## ASSIGNED TASK
The answer should be an exact repeat of the stretch of material below from the line containing "Drak zde není" through the line containing "रोहिणी सेक्टर-20 के".

## TASK INPUT

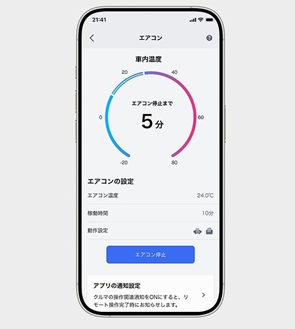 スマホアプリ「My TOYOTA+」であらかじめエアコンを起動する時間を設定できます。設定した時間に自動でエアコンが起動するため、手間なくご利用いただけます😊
* * *
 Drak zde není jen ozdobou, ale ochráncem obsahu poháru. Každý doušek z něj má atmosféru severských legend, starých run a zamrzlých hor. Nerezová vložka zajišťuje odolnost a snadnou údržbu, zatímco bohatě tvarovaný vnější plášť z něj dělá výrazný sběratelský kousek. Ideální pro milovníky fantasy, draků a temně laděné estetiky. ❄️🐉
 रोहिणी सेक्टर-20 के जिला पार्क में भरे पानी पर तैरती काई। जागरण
---
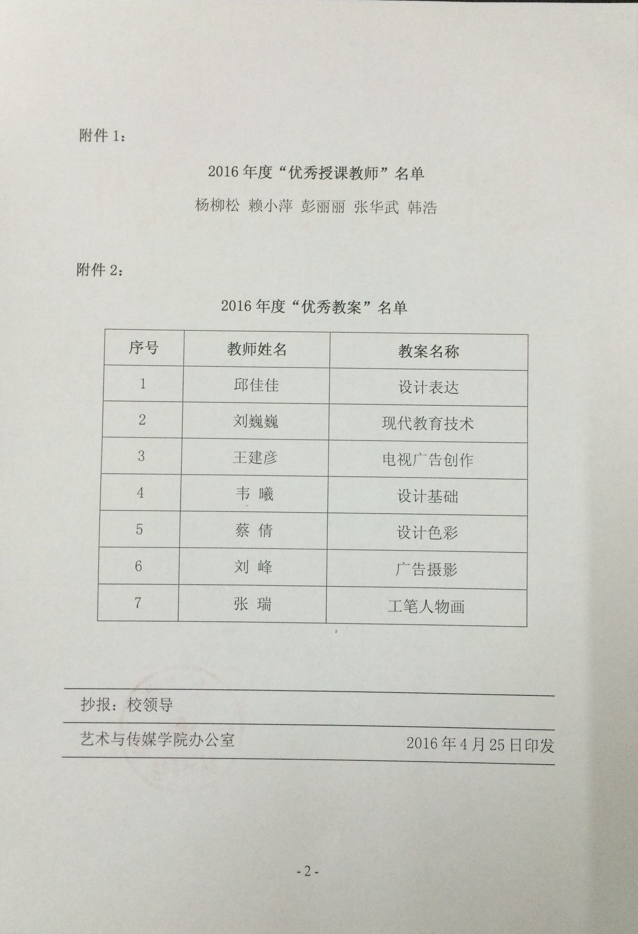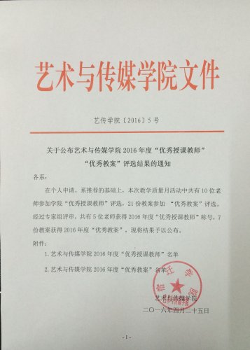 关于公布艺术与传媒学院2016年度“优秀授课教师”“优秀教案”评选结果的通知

## RESULT OF THIS TASK
 Drak zde není jen ozdobou, ale ochráncem obsahu poháru. Každý doušek z něj má atmosféru severských legend, starých run a zamrzlých hor. Nerezová vložka zajišťuje odolnost a snadnou údržbu, zatímco bohatě tvarovaný vnější plášť z něj dělá výrazný sběratelský kousek. Ideální pro milovníky fantasy, draků a temně laděné estetiky. ❄️🐉
 रोहिणी सेक्टर-20 के जिला पार्क में भरे पानी पर तैरती काई। जागरण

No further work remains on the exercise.